Local Conservations Districts provide assistance to help their area's citizens better understand, plan, manage, protect and utilize their forest resources. The program is made available through grants from the Michigan Department of Agriculture and Rural Development (MDARD).

Note that the FAP strives to not compete with private sector business. Our foresters do not write management plans, administer timber sales, or provide any other service that could otherwise be provided by the private sector.

Click here for a current map of Conservation Districts with Forestry Assistance Foresters, and the counties currently covered through this program.



Michigan Pheasants ForeverMichigan Pheasant Restoration Initiative (MPRI)

Our Conservation Districts proudly partner with Pheasants Forever, Michigan United Conservation Clubs, MDNR, MDARD, U.S. Fish & Wildlife Service, and other conservation organizations on the Michigan Pheasant Restoration Initiative (MPRI).

This initiative is helping revitalize Michigan’s pheasant population, as well as the grasslands that support many other species in our state.
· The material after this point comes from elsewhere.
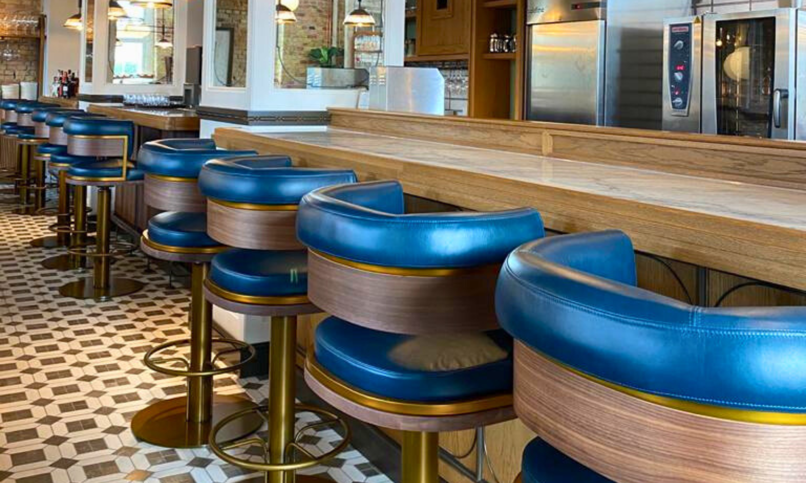 We must remember to consider all the bar and counter stools that have no backs. These tend to feel more informal but you can still create a unique piece of furniture which captures your perfect look. A recent example is the fixed stools for Audrey’s. These types of stools can be a great space saving solution, offering informal seating for busy venue’s.

The program currently focuses efforts in the following three zones:

  • Huron, Sanilac, and Tuscola counties
  • Gratiot, Saginaw, and Clinton counties
  • Hillsdale, Lenawee, and Monroe counties

Conservation Districts within these pilot zones have a technician working with eligible farmers and landowners to provide guidance and assistance on habitat prescriptions for pheasants.

To be eligible, landowners must work together to devote large blocks of land that can serve as a patchwork of private properties set aside for habitat.

This is a cooperative initiative that requires a group of property owners to voluntarily agree to work together in "Neighborhood Cooperatives" to implement habitat projects.

Technicians will also assist cooperatives in identifying federal, state, and private assistance for funding or implementing habitat projects, including funding for landowners through conservation cost-share programs to install these habitat restoration practices.

Chapters of Pheasants Forever will also provide free seed to landowners. In some cases, the MDNR will also donate the use of farm implements and planting equipment, and release live pheasant.

Landowners outside of the three pilot zones are also encouraged to form local Neighborhood Cooperatives, with their local CD and Pheasants Forever Chapter available for program guidance.